ASSIGNED TASK: Your output should be exactly the lines from the one containing "2 Pack Muslin" through the last line of the listing, and nothing else. Pictures stay out.

RECORDED INFORMATION:
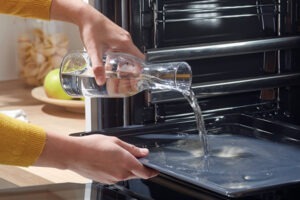 Pentru curățenia de zi cu zi, funcția AquaClean este ideală. Aceasta folosește aburul pentru a înmuia murdăria și grăsimea, facilitând ștergerea ușoară după fiecare utilizare. În plus, ușa de sticlă detașabilă adaugă un plus de confort – panourile din sticlă pot fi îndepărtate rapid, ceea ce îți oferă acces facil la întreaga suprafață a ușii și asigură o vizibilitate excelentă în interiorul cuptorului, chiar și în timpul coacerii.
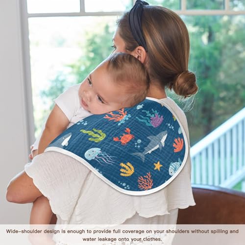 2 Pack Muslin Burp Cloths Sea Animal Navy Blue Cotton Baby Burp Cloths Ultra Soft Burping Cloth Absorbent Spit Up Rags for Newborn Boys Girls, Large 22" x 11" 5
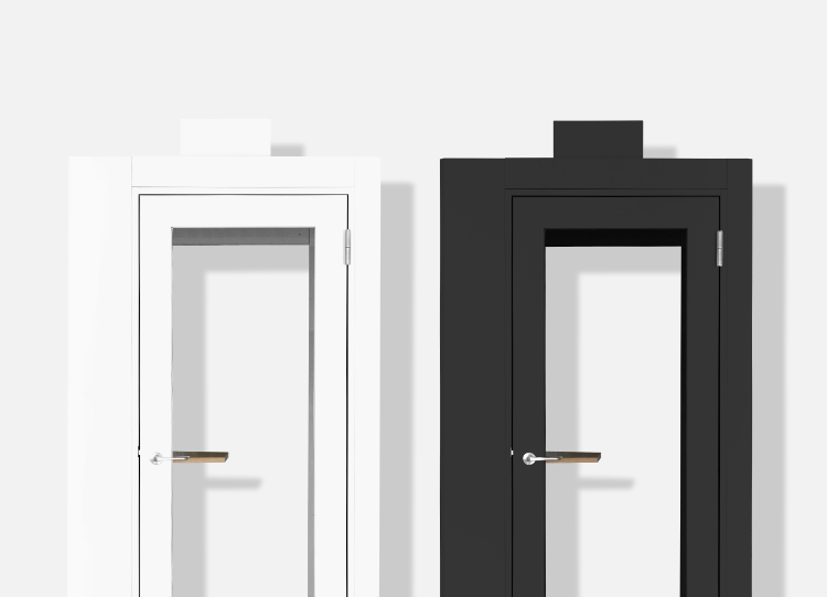ブラック塗装の収納庫に合う別色のデザインで製作しました。オフィスをより上質に魅せることが可能です。

ANSWER TO THIS TASK:
 2 Pack Muslin Burp Cloths Sea Animal Navy Blue Cotton Baby Burp Cloths Ultra Soft Burping Cloth Absorbent Spit Up Rags for Newborn Boys Girls, Large 22" x 11" 5
ブラック塗装の収納庫に合う別色のデザインで製作しました。オフィスをより上質に魅せることが可能です。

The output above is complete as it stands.